Math-picMy ability and lack of fear to write in blank spaces with blinking cursors to mock me makes graduate school much easier for me than for people who are deathly afraid of writing. I am doing educational research using qualitative methods. Also a plus. But even within the qualitative methods, there needs to be some math and that’s basically where I’m stuck this morning.

It’s a weekend, which means that I continue to wake up at 5, but instead of rushing off to work, this is my quiet time where I have at least 2 hours to myself as the rest of the household sleeps. This is my sacred writing time and my research time. But again, I’m stuck on the math. This is not even save the world from death and destruction kind of high stakes math, this is math that I should know because it should be as simple as breathing.

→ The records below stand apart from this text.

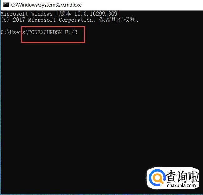 接下来,在打开的命令行窗口页面中,输入“CHKDSK X:/R”命令,查看该磁盘分区是否存在错误。“X”代表的是出现错误的那个分区。
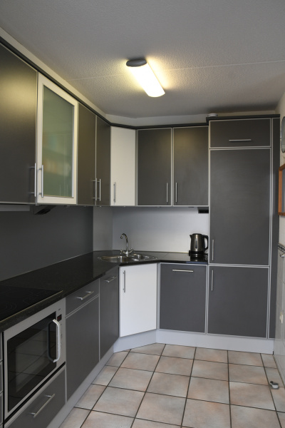 De woonkamer is ruim en licht, met een open verbinding naar de keuken. De open keuken is compleet uitgevoerd en voorzien van een granieten aanrechtblad, inductiekookplaat, combimagnetron, koelkast, afzuigkap en vaatwasser.
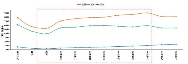 預計春節(jié)期間(含除夕),普通公路日均斷面交通量約7800輛,同比2023年增長約8.2%,如圖4所示。相較于高速公路,普通公路在春節(jié)期間流量較為平穩(wěn),沒有顯著高峰,在節(jié)前明顯下降,除夕達到最低值,初三以后交通量有所回升。
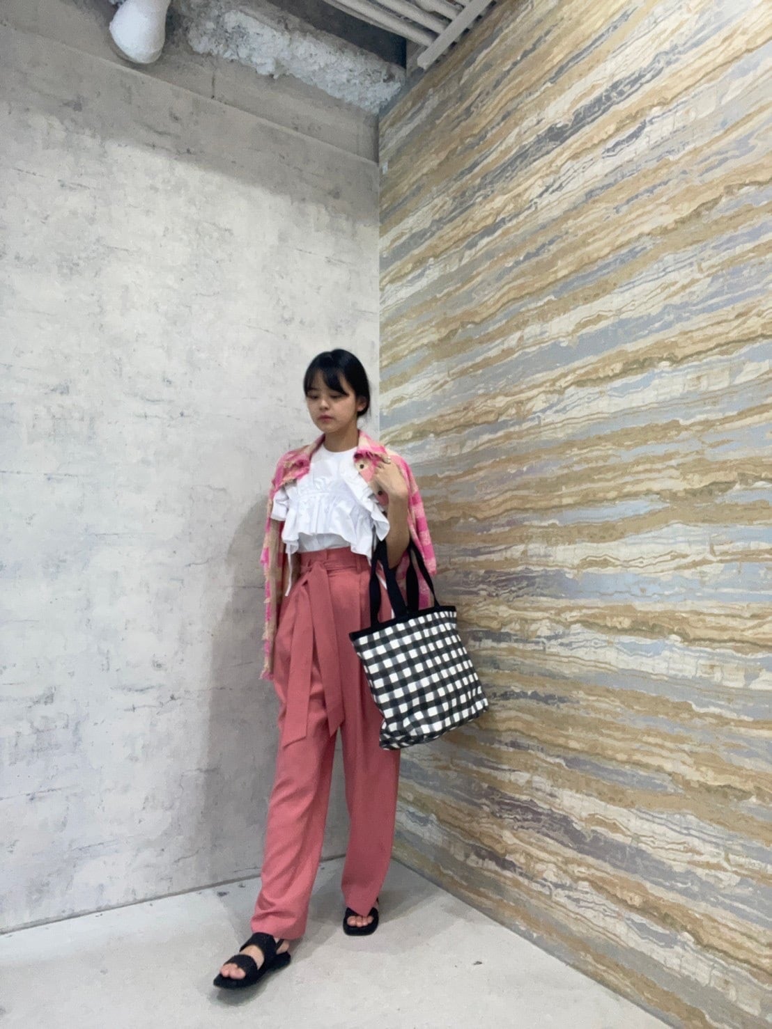 自由でフレッシュなムードを演出するピンクと、ベースのベージュカラーの組み合わせは個性に女性らしさをプラスします。
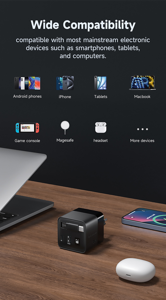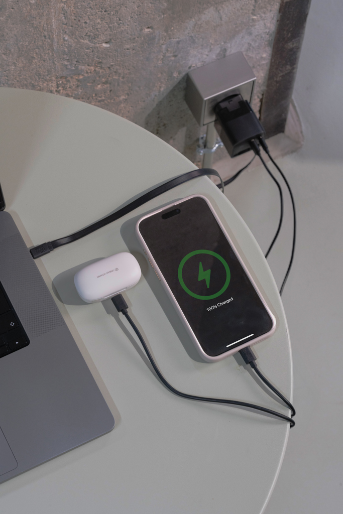 Seznamte se s nejinteligentnější 65W nabíječkou s kabelem, kterou máte vždy po ruce. Mendocino je 65W PD GaN nabíječka se zabudovaným 80 cm navíjecím USB-C kabelem, takže můžete nabíjet, aniž byste museli sahat po samostatném kabelu. Obsahuje také vyměnitelné zástrčky pro EU a Spojené království, což z ní činí ideálního společníka na cesty. GaN je nabíjecí technologie nové generace, která umožňuje kompaktnější rozměry, méně tepla a vyšší energetickou účinnost. Mendocino nabíjí všechna vaše zařízení plnou rychlostí včetně laptopů, tabletů a telefonů – a díky dalším USB-C a USB-A portům dokáže nabíjet až tři zařízení najednou. Vyrobeno z recyklovaného, ohnivzdorného PC plastu s certifikací RCS. Celkový podíl recyklovaného materiálu: 18 % na základě celkové hmotnosti produktu. Produkty Urban Vitamin neobsahují PVC a jsou baleny v obalech se sníženým obsahem plastu.

I need to update some of my statistics on native Hawaiian student achievement in public and charter schools. I used an older 2005 report out of KS to determine which schools had a predominantly native Hawaiian student population (over 50%). That report gave me a list of 48 out of 286 public and charter schools in Hawaii. I should know the percentage shouldn’t I? How do I figure that out besides just waiting for my husband to wake up. Really, you wouldn’t think I’m actually trying to get my doctorate with my ignorance. I found that of the 48 schools, 17 met AYP (annual yearly progress) and 31 did not meet AYP in SY 2011-2012. So what does that mean besides the fact that it’s kind of grim for our predominantly Hawaiian schools? Shouldn’t I be able to say how bad. I know more than 50% did not meet, because 1/2 of 48 is 24.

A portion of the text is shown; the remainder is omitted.